→ **Your goal**
Every line of the material must be restated exactly, though not its pictures.
(Given data Opens)
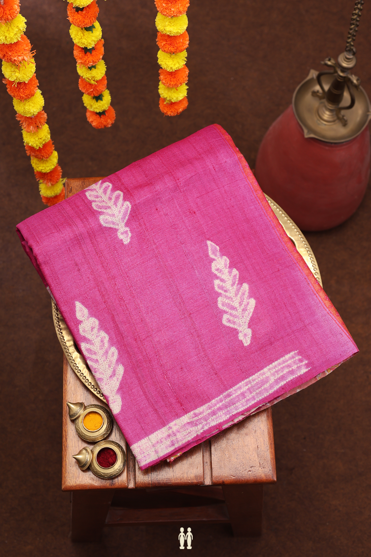 Tussar Silk Saree In Dark Pink With Shibori Design
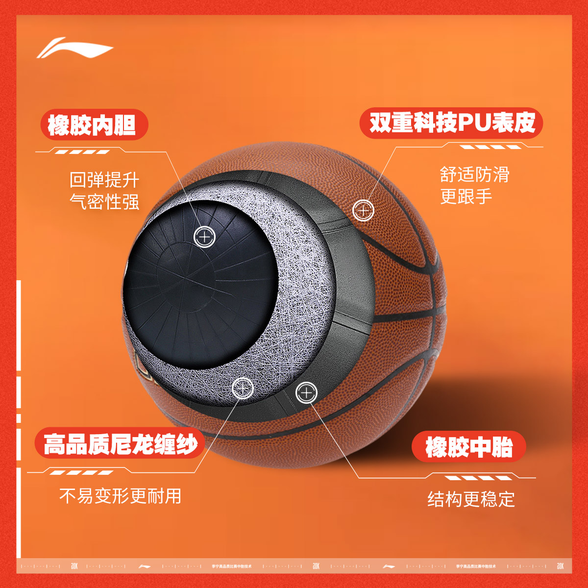 李宁精英篮球 CBA系列手感室内室外耐磨防滑高弹7号标准球LBQK957
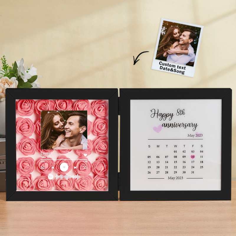 Capture a cherished moment by personalizing the photo and add an extra touch of sentimentality with a custom music code. Imagine the joy as the couple unfolds the frame to reveal their treasured memory, accompanied by their favorite melody.
(Given data Closes)
→ **Result**
 Tussar Silk Saree In Dark Pink With Shibori Design
 李宁精英篮球 CBA系列手感室内室外耐磨防滑高弹7号标准球LBQK957
 Capture a cherished moment by personalizing the photo and add an extra touch of sentimentality with a custom music code. Imagine the joy as the couple unfolds the frame to reveal their treasured memory, accompanied by their favorite melody.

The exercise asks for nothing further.